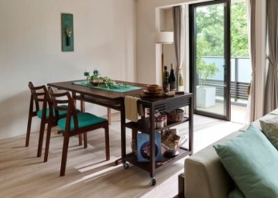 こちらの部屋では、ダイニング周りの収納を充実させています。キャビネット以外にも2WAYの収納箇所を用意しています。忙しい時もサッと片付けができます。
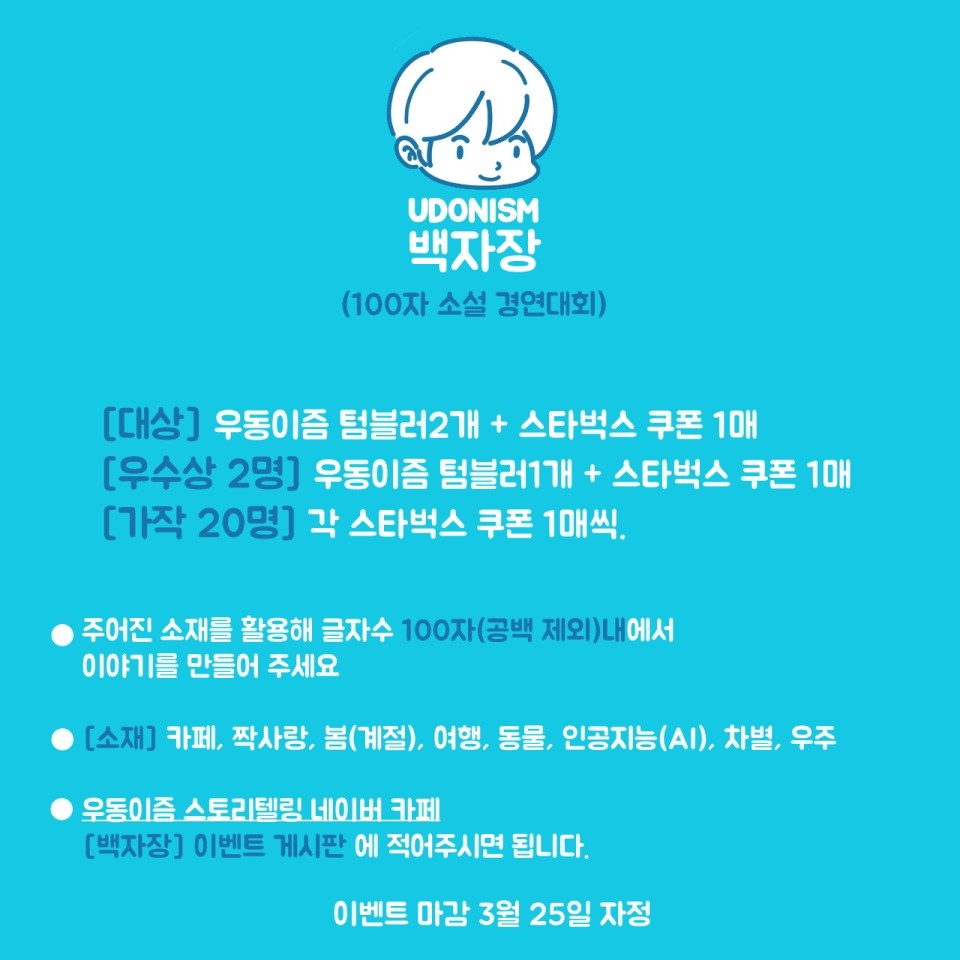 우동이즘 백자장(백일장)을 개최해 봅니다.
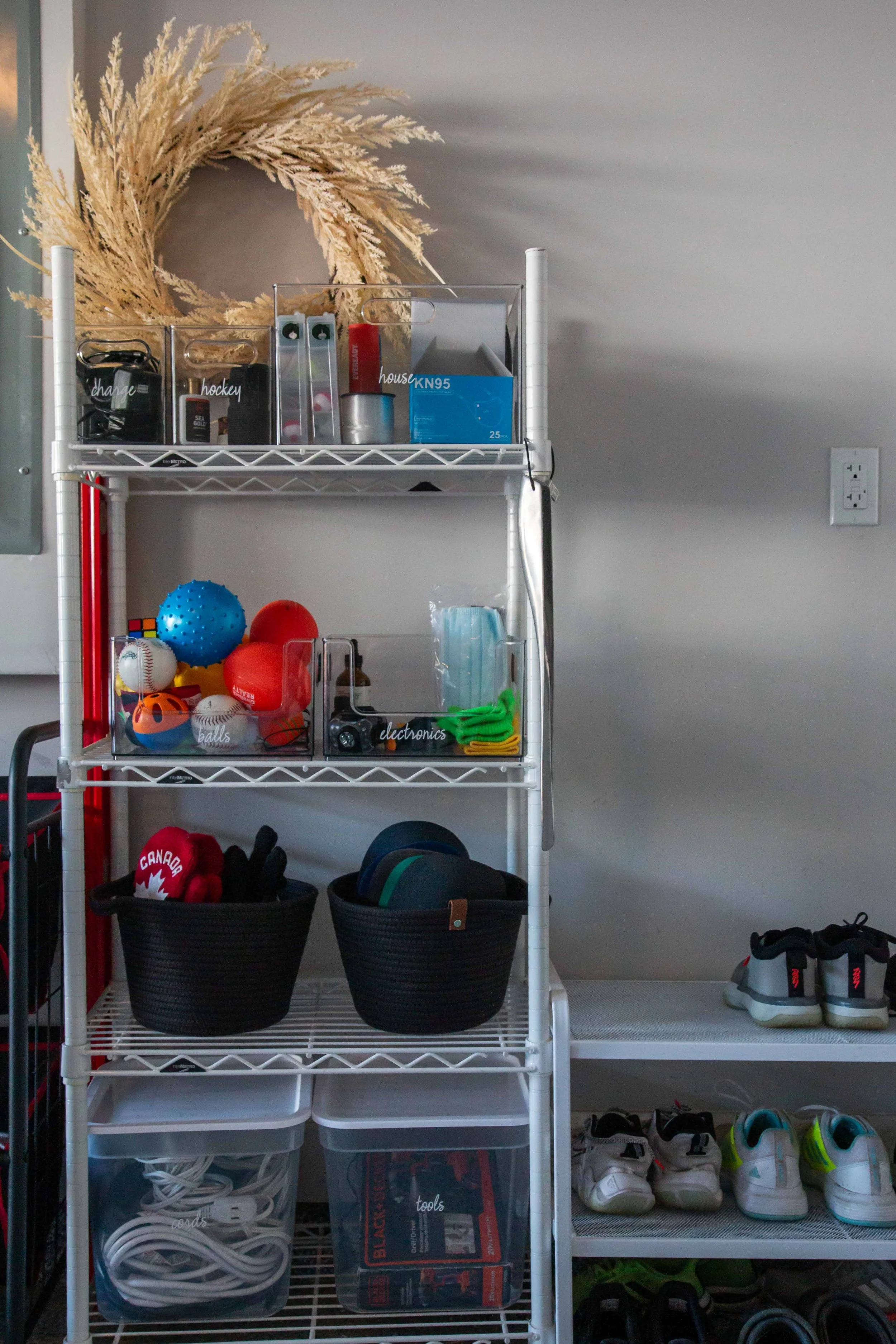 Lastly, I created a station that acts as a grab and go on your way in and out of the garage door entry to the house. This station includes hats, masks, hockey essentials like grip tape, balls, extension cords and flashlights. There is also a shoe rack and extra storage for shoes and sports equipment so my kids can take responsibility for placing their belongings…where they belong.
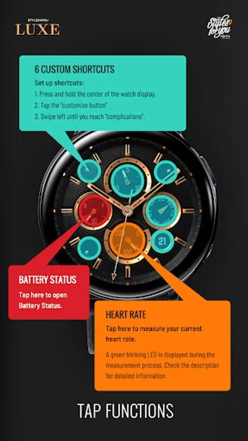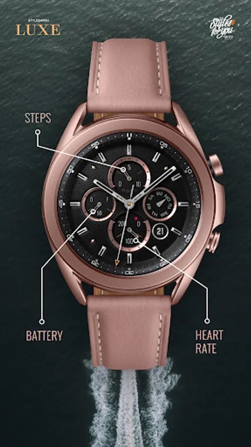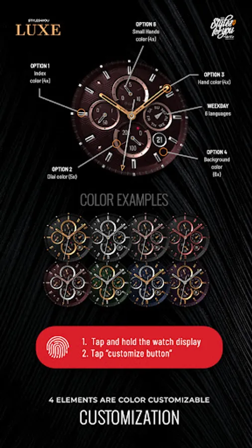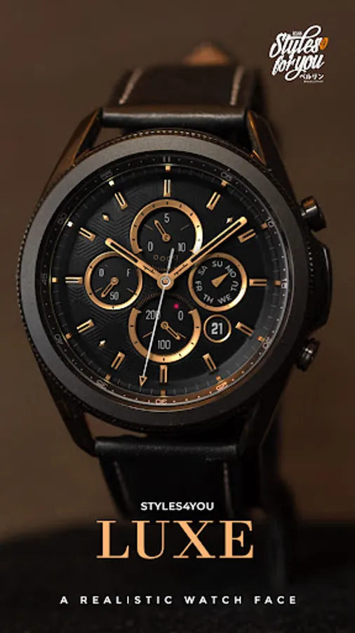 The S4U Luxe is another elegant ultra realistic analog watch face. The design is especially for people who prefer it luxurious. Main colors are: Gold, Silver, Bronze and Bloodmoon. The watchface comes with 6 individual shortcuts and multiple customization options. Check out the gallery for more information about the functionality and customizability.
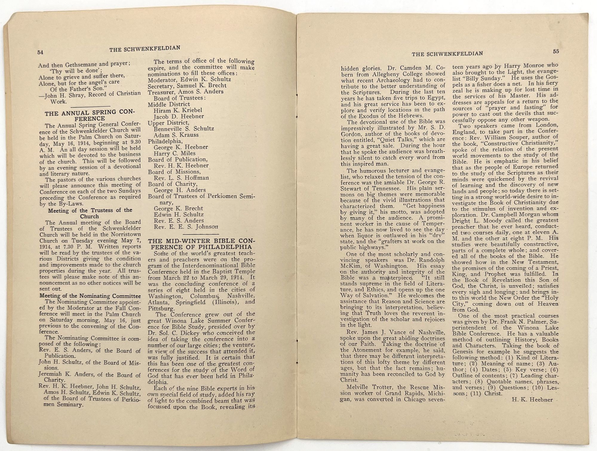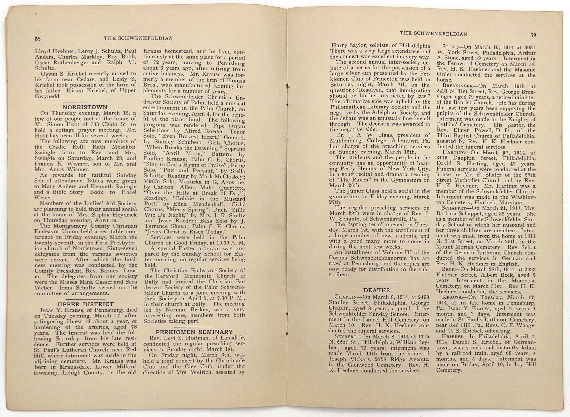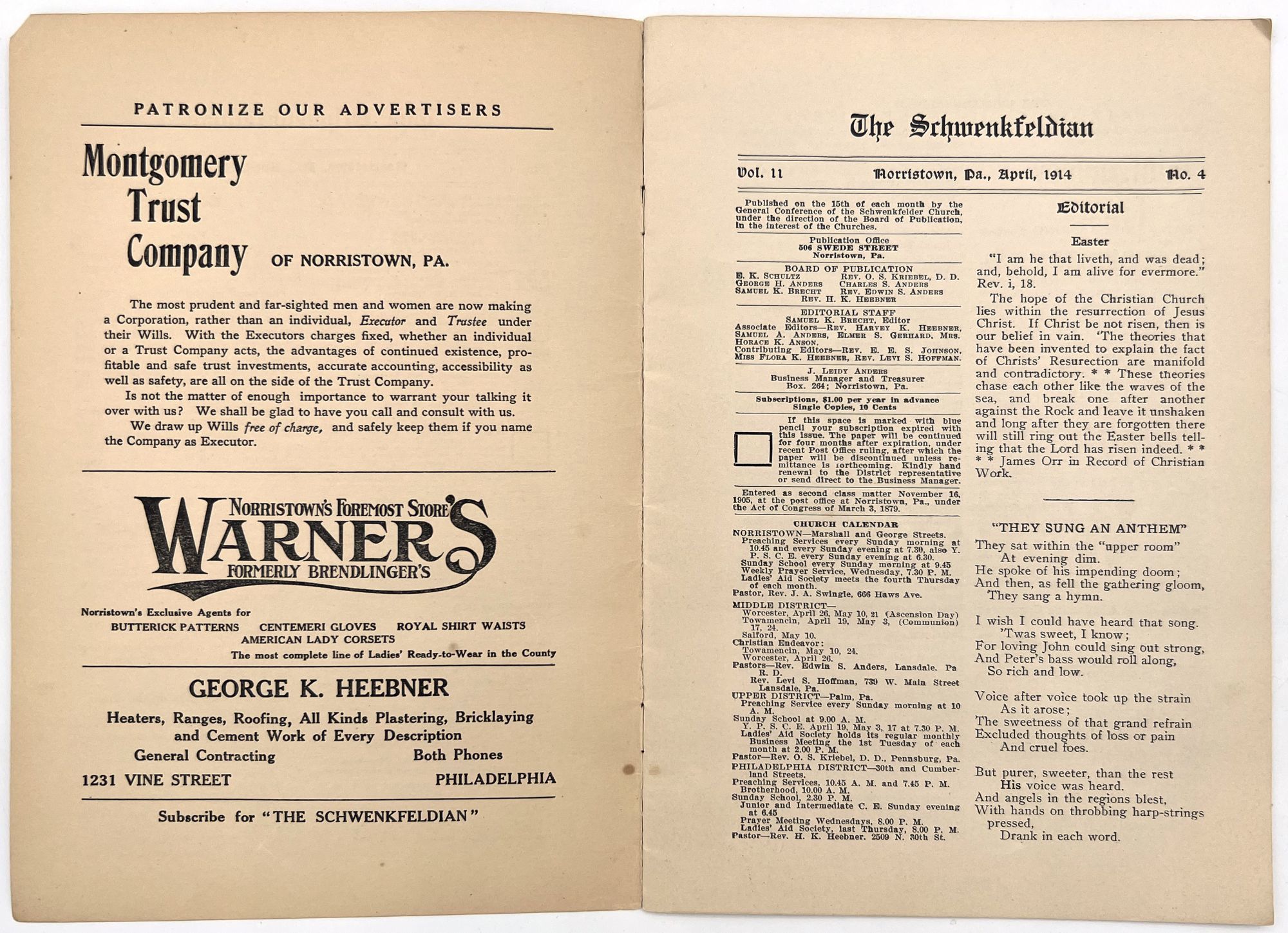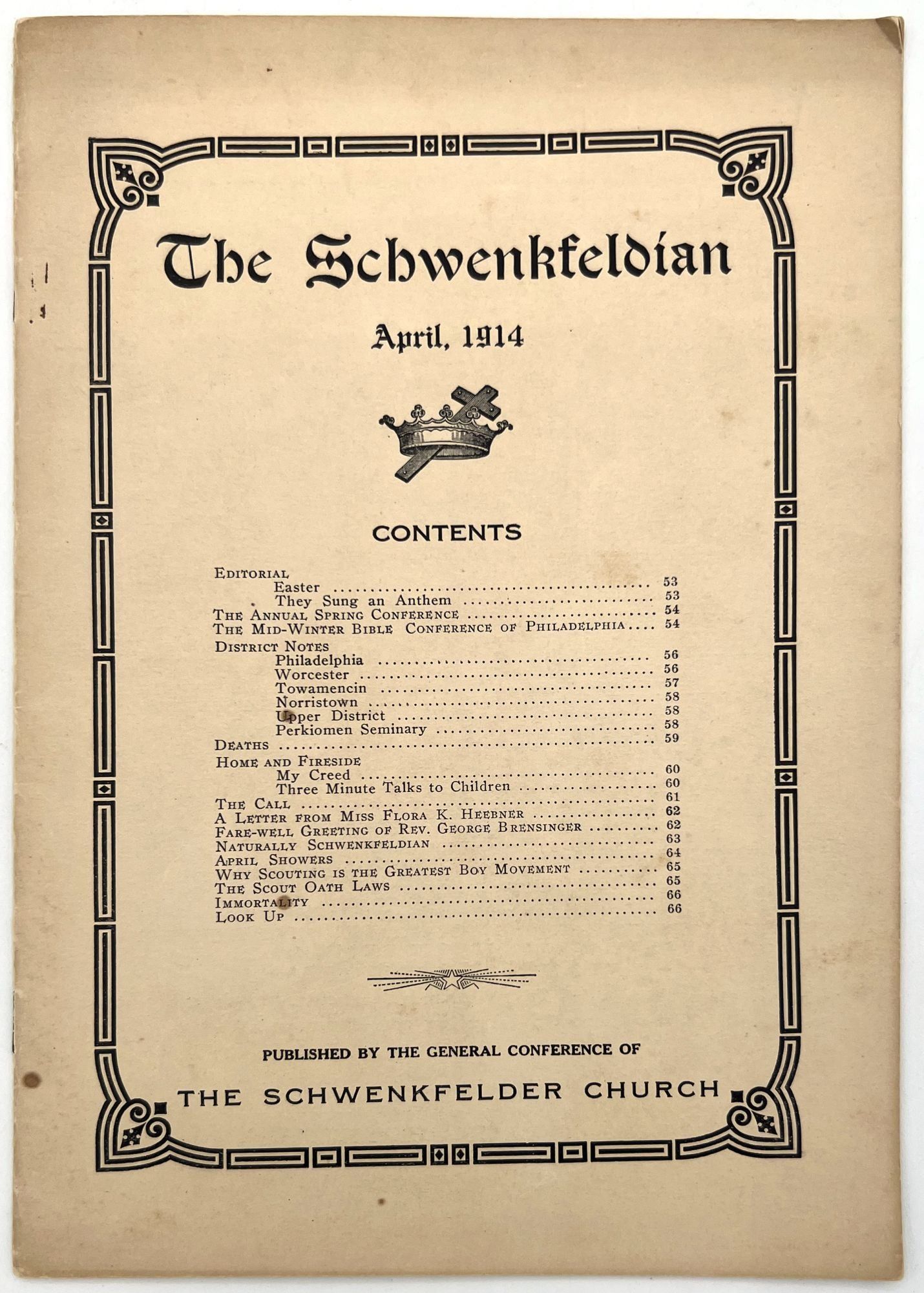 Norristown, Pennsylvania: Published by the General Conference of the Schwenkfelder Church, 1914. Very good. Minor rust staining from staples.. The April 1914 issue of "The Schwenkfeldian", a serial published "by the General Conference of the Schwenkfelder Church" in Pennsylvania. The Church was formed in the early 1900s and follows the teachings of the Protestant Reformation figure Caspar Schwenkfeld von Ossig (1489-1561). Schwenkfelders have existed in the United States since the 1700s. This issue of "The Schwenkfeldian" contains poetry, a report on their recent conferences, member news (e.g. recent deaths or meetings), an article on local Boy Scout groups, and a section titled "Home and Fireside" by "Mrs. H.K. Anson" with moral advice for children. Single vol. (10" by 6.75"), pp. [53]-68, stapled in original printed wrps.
##########
* [Work task]:
Where an entry holds a picture, drop it and transcribe everything else exactly.

* [Exercise answer]:
 こちらの部屋では、ダイニング周りの収納を充実させています。キャビネット以外にも2WAYの収納箇所を用意しています。忙しい時もサッと片付けができます。
 우동이즘 백자장(백일장)을 개최해 봅니다.
 Lastly, I created a station that acts as a grab and go on your way in and out of the garage door entry to the house. This station includes hats, masks, hockey essentials like grip tape, balls, extension cords and flashlights. There is also a shoe rack and extra storage for shoes and sports equipment so my kids can take responsibility for placing their belongings…where they belong.
 The S4U Luxe is another elegant ultra realistic analog watch face. The design is especially for people who prefer it luxurious. Main colors are: Gold, Silver, Bronze and Bloodmoon. The watchface comes with 6 individual shortcuts and multiple customization options. Check out the gallery for more information about the functionality and customizability.
 Norristown, Pennsylvania: Published by the General Conference of the Schwenkfelder Church, 1914. Very good. Minor rust staining from staples.. The April 1914 issue of "The Schwenkfeldian", a serial published "by the General Conference of the Schwenkfelder Church" in Pennsylvania. The Church was formed in the early 1900s and follows the teachings of the Protestant Reformation figure Caspar Schwenkfeld von Ossig (1489-1561). Schwenkfelders have existed in the United States since the 1700s. This issue of "The Schwenkfeldian" contains poetry, a report on their recent conferences, member news (e.g. recent deaths or meetings), an article on local Boy Scout groups, and a section titled "Home and Fireside" by "Mrs. H.K. Anson" with moral advice for children. Single vol. (10" by 6.75"), pp. [53]-68, stapled in original printed wrps.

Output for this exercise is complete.